In December 2022, Finance Minister has informed the Parliament that bank had bad loans worth Rs 10, 09,511 crore during the last five financial years.
What are Bad Loans?
A bad loan is one that has not been ‘serviced’ for a certain period.
Servicing a loan is paying back the interest and a small part of the principal — depending on the agreement between bank and borrower; to begin with so that over time, you pay back the principal as well as the interest accrued in the duration.
In 2009, the RBI brought out norms that set out categories of Non-Performing Assets (NPAs) and what banks must do as these bad loans age.
According to RBI, Bad loans are a problem, for, with time, there is less and less certainty that the loan would be paid back in full.
What is a Non-Performing Asset?
They are loans or advances that are in default or in arrears.
In other words, these are those kinds of loans wherein principal or interest amounts are late or have not been paid.
When a loan is classified as NPA?
Non-Performing Assets are basically Non-Performing Loans.
In India, the timeline given for classifying the asset as NPA is 180 days.

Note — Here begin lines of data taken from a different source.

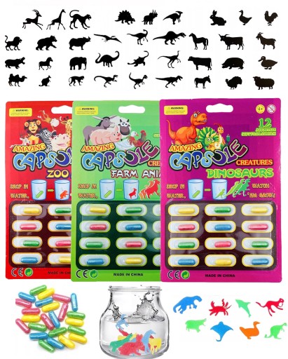 ВОЛШЕБНЫЕ КАПСУЛЫ ЖИВОТНЫЕ, РАСТУЩИЕ В ВОДЕ 36 ШТ ЗОО ФЕРМА ДИНОЗАВР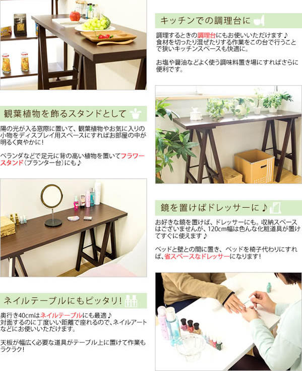 クデスク、カウンターテーブル、ドレッサーなど様々なシーンで使えて、とっても便利なデスク、WOOD PEG(ウッドペッグ)。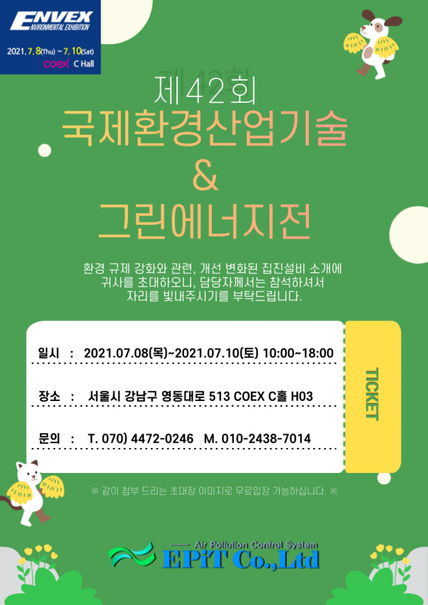 (주)EPiT가 ENVEX 2021 제42회 국제환경산업기술 & 그린에너지전에 초대합니다. [2021년 7월 8일(목) ~ 7… 작성일21-07-02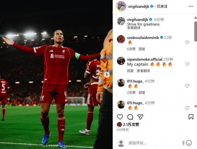 范迪克也在个人社媒晒出庆祝进球照片,配文写道:“努力追求伟大!”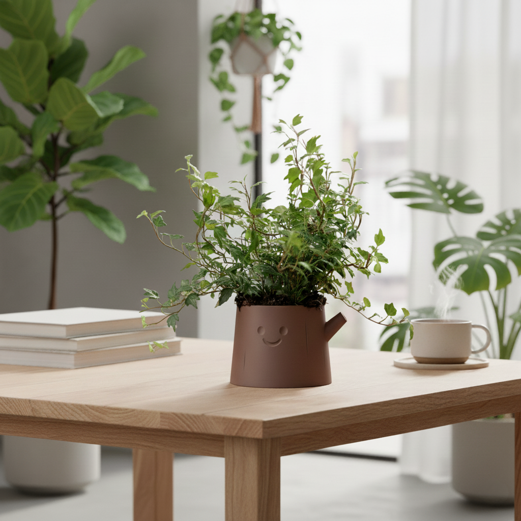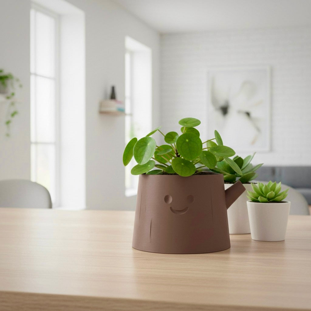 Daar is StamKop! Een stoere bloempotje in boomstijl, gegroeid uit de PlantjeKop-wereld. Met z’n natuurlijke looks fluistert hij: “Zet je plantje hier en groei mee.”
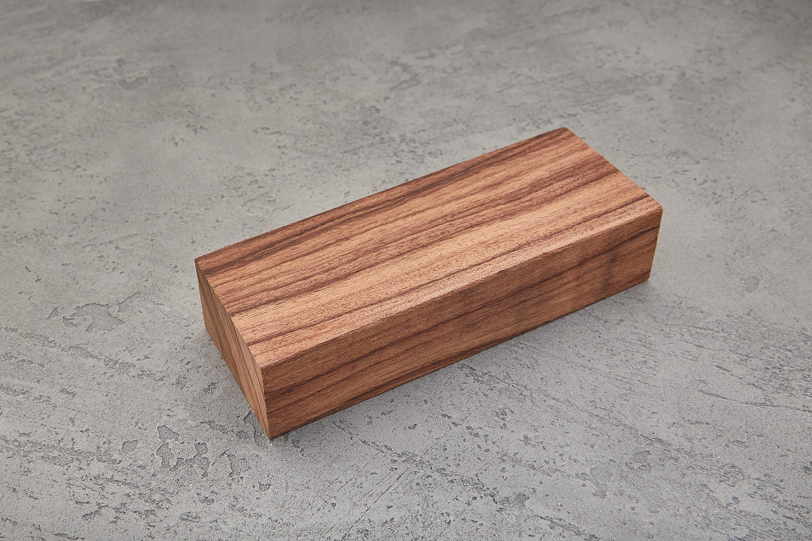 Целевые размеры бруска 135×48×30 мм, могут незначительно меняться в зависимости от особенности распила. На фотографии представлен образец, максимально соответствующий среднему бруску из партии, но фактическая текстура и тон каждой заготовки для рукояти будет незначительно отличаться.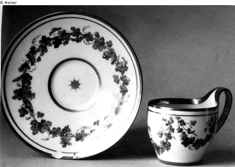 Dekor: Weinlaub und Reben mit Randvergoldung. Am Untertassenrand kleiner muschelartiger Ausschlag. Tasse: Szeptermarke, Untertasse Szeptermarke, Stempel 12.
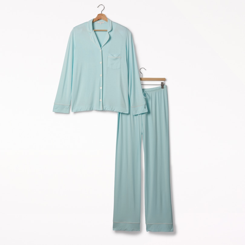 Piped Pajama Pant Set, Mist

As against 45 to 90 days of international norms.
Why is there a need to recognise NPAs?
In the banking system, the government and regulatory authorities need to have a good view of how healthy the financial system is.

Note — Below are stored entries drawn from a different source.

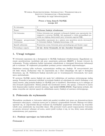 Wydział Elektrotechniki, Informatyki i Telekomunikacji Instytut Informatyki i Elektroniki Instrukcja do zajęć laboratoryjnych Praca z bazą danych MySQL wersja 2.0 Nr ćwiczenia: 7 Temat: Wybrane funkcje wbudowane Cel ćwiczenia: Celem ćwiczenia jest poznanie wybranych funkcji oraz operatorów dostępnych w serwerze MySQL. Ich znajomość w wielu przypadkach pozwala na większą elastyczność przy tworzeniu zapytań SQL. Wymagane przygotowanie teoretyczne: Samodzilne zapoznanie się z opisem oraz sposobem użycia używanych w ćwiczeniu funkcji. Najlepiej korzystając z [3]. Sposób zaliczenia: Pozytywna ocena ćwiczenia przez prowadzącego pod koniec zajęć. Prowadzący zajęcia: dr inż. Artur Gramacki, dr inż. Jarosław Gramacki 1. Uwagi wstępne W ćwiczeniu zapoznasz się z dostępnymi w MySQL funkcjami wbudowanymi. Zagadnienie zostanie przedstawione (podobnie jak przy omawianiu polecenie SELECT) w formie ćwiczeń do wykonania. Twoim zadaniem będzie natomiast odnalezienie w dostępnej literaturze informacji jak to wykonać. W większości przypadków podamy pewne wskazówki naprowadzające. Omówione zostaną tylko wybrane, najważniejsze według nas, funkcje. W rzeczywistości jest ich dużo więcej. Zachęcamy więc do zapoznania się z nimi odnajdując ich opis w dostępnej literaturze, np. [3]. Niektórych funkcji używałeś już we wcześniejszych ćwiczeniach, być może nieco nieświadomie. W serwerze MySQL nazwa funkcji nie może być oddzielona od nawiasu otwierającego żadną spacją. Pozwala to parserowi odróżnić wywołanie funkcji od odwołania do tabeli i kolumny o tej samej nazwie, jaką posiada funkcja (w MySQL jest to możliwe!). Dozwolone są za to odstępy po obu stronach argumentów. Można jednak tak uruchomić serwer, aby spacje, o których tu mowa były dopuszczalne (należy ustawić zmienną -sql-mode=IGNORE SPACE). Sugerujemy jednak, aby mimo wszystko nie używać spacji do oddzielania nazwy funkcji od nawiasu otwierającego. 2. Polecenia do wykonania Warunkiem uzyskania w ćwiczeniu takich jak poniżej wyników jest praca na demonstracyjnym schemacie relacyjnym, o którym mowa jest w jednym z poprzednich ćwiczeń. Dlatego też należy upewnić się, że odpowiedni skrypt wykonał się bezbłędnie (poprawnie utworzyły się wszystkie tabele oraz załadowały się wszystkie dane). Dla pewności warto przed rozpoczęciem ćwiczenia po prostu utworzyć schemat od nowa, nawet jeżeli wydaje ci się, że ten, który masz aktualnie zainstalowany jest poprawny. 2.1. Funkcje operujące na łańcuchach Ćwiczenie 1 Przygotowali: dr inż. Artur Gramacki, dr inż. Jarosław Gramacki 1 W trakcie porównywania łańcuchów MySQL nie uwzględnia wielkości liter. Przykładowo poniższe polecenie zwróci jeden rekord, mimo że nazwisko pracownika jest napisane bez dbałości o zachowanie wielkości liter: mysql> SELECT last_name, salary FROM emp WHERE last_name LIKE ’noZAki’; +-----------+---------+ | last_name | salary | +-----------+---------+ | Nozaki | 1200.00 | +-----------+---------+ 1 row in set (0.00 sec) Należy zmodyfikować powyższe zapytanie SQL tak, aby wielkość liter była honorowana. Ponadto należy odnaleźć w dokumentacji informację jak można zdefiniować kolumnę łańcuchową (CHAR, VARCHAR TINYTEXT, TEXT, MEDIUMTEXT, LONGTEXT), aby na trwałe wymusić uwzględnianie wielkości liter. Utworzyć następnie przykładową tabelę oraz sprawdzić „nieczułość” na wielkość liter. Ćwiczenie 2 Wyświetlić dane o pracowniku. Użyć funkcji CONCAT. Jako wynik powinniśmy otrzymać: +--------------------+ | Pracownik Ngao | +--------------------+ | -->LaDoris-Ngao<-- | +--------------------+ 1 row in set (0.00 sec) Ćwiczenie 3 Wyświetlić dane o pracowniku, których nazwiska zaczynają się na literę D. Zwróć uwagę, że wyświetlany tekst został uzupełniony do 20 znaków (policz to) sekwencją znaków #*. Należy użyć funkcji RPAD. Czym różni się w działaniu funkcja LPAD? Jako wynik powinniśmy otrzymać: +----------------------+ | Pracownicy | +----------------------+ | Dumas#*#*#*#*#*#*#*# | | Dancs#*#*#*#*#*#*#*# | +----------------------+ 2 rows in set (0.01 sec) Ćwiczenie 4 Wyświetlić nazwy regionów (tabela region). W drugiej kolumnie wyświetlono tylko 3 znaki z nazwy poczynając od 2. znaku. Użyć funkcji SUBSTR. Jako wynik powinniśmy otrzymać: +----------------------+-------------------------------+ | name | Nazwa regionu - 3 znaki od 2. | +----------------------+-------------------------------+ | Africa / Middle East | fri | | Asia | sia | | Europe | uro | | North America | ort | | South America | out | +----------------------+-------------------------------+ 5 rows in set (0.00 sec) Przygotowali: dr inż. Artur Gramacki, dr inż. Jarosław Gramacki 2 Ćwiczenie 5 Wyświetlić dane o pracownikach, których nazwiska są dłuższe niż 6 znaków. Wyświetlić długość nazwisk i imion tych pracowników i wynik posortować wg. długości nazwiska w porządku od największej do najmniejszej. Jako wynik powinniśmy otrzymać: +------------+-----------------+--------------+------------------+ | first_name | Długość imienia | last_name | Długość nazwiska | +------------+-----------------+--------------+------------------+ | Mark | 4 | Quick-To-See | 12 | | Carmen | 6 | Velasquez | 9 | | Antoinette | 10 | Catchpole | 9 | | Alexander | 9 | Markarian | 9 | | Midori | 6 | Nagayama | 8 | | Audry | 5 | Ropeburn | 8 | | Molly | 5 | Urguhart | 8 | | Sylvie | 6 | Schwartz | 8 | | Yasmin | 6 | Sedeghi | 7 | +------------+-----------------+--------------+------------------+ 9 rows in set (0.00 sec) Ćwiczenie 6 Wyświetlić nazwy regionów (tabela region). W drugiej kolumnie wszystkie litery a zostały zamienione na X. Użyć funkcji REPLACE. Jako wynik powinniśmy otrzymać: +----------------------+-------------------------+ | name | name2 | +----------------------+-------------------------+ | Africa / Middle 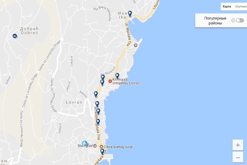 Ловран — небольшой город, поэтому вариантов размещения здесь не так уж много, а деление на районы как таковое отсутствует. Но, несмотря на это, есть из чего выбирать. Я бы советовала селиться в любом понравившемся месте, добраться из пункта А в пункт Б не составит труда.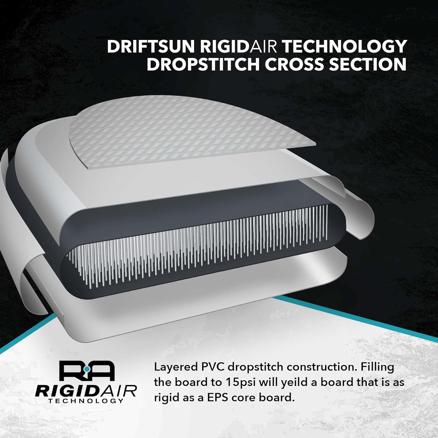 Once your adventure winds down, simply deflate, roll up and store your board for the next one. This lighter, stiffer and more durable iSUP packs down neatly with all accessories into the included deluxe travel backpack. When deflated the Driftsun Balance measures 11” x 36” and weighs only 25 lbs for ultimate portability.

India became more aggressive in recognising loans as ‘bad’ in the 2014 to 2015 period.
The periodic asset quality review was introduced. Further, the regulator stepped in to prevent ever-greening of loans (i.e., lending more to an already stressed asset in the hope that it could be brought back to its feet).

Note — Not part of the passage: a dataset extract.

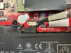 Отключите 8-контактный разъем аккумулятора, который фиксирует аккумулятор на материнской плате.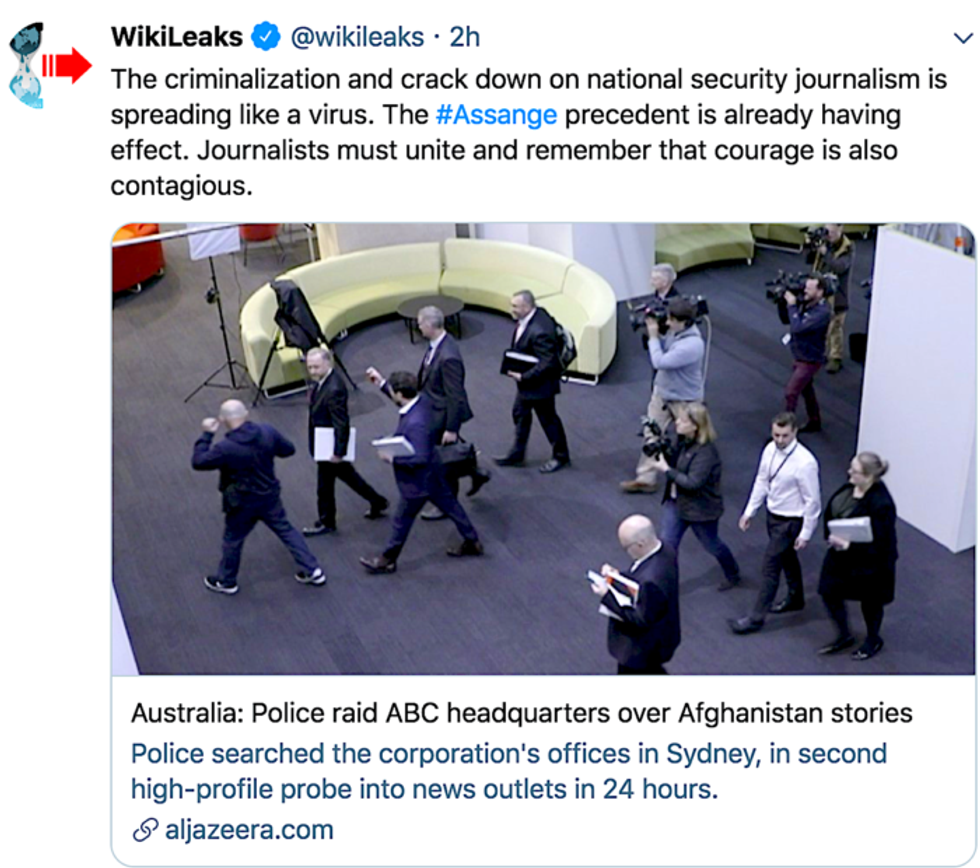 While there is no direct connection between Assange's arrest and indictment for possessing and disseminating classified material and these subsequent police actions, a Western taboo on arresting or prosecuting the press for its work has clearly been weakened. One must ask why Australian police acted on a broadcast produced in 2017 and an article published in April only after Assange's arrest and prosecution.

What process does a bank undertake to recover NPA?
The banks employ the Lok Adalats for settling the NPA loans. The Lok Adalats help in settling the NPA between the banks and defaulters.
A National Asset Reconstruction Company Ltd. (NARCL) was announced in the Union Budget for 2021-2022 to resolve stressed loans amounting to about Rs2 lakh crore in phases.
Impact of NPAs on Financial Operations
This reduces the profits of the banks.
This reduces a bank or financial institution’s capital adequacy.
The banks have become averse to giving loans and taking risks of zero per cent. Thus, the creation of fresh credit is debarred.
The banks start concentrating on the management of credit risk instead of the bank becoming profitable.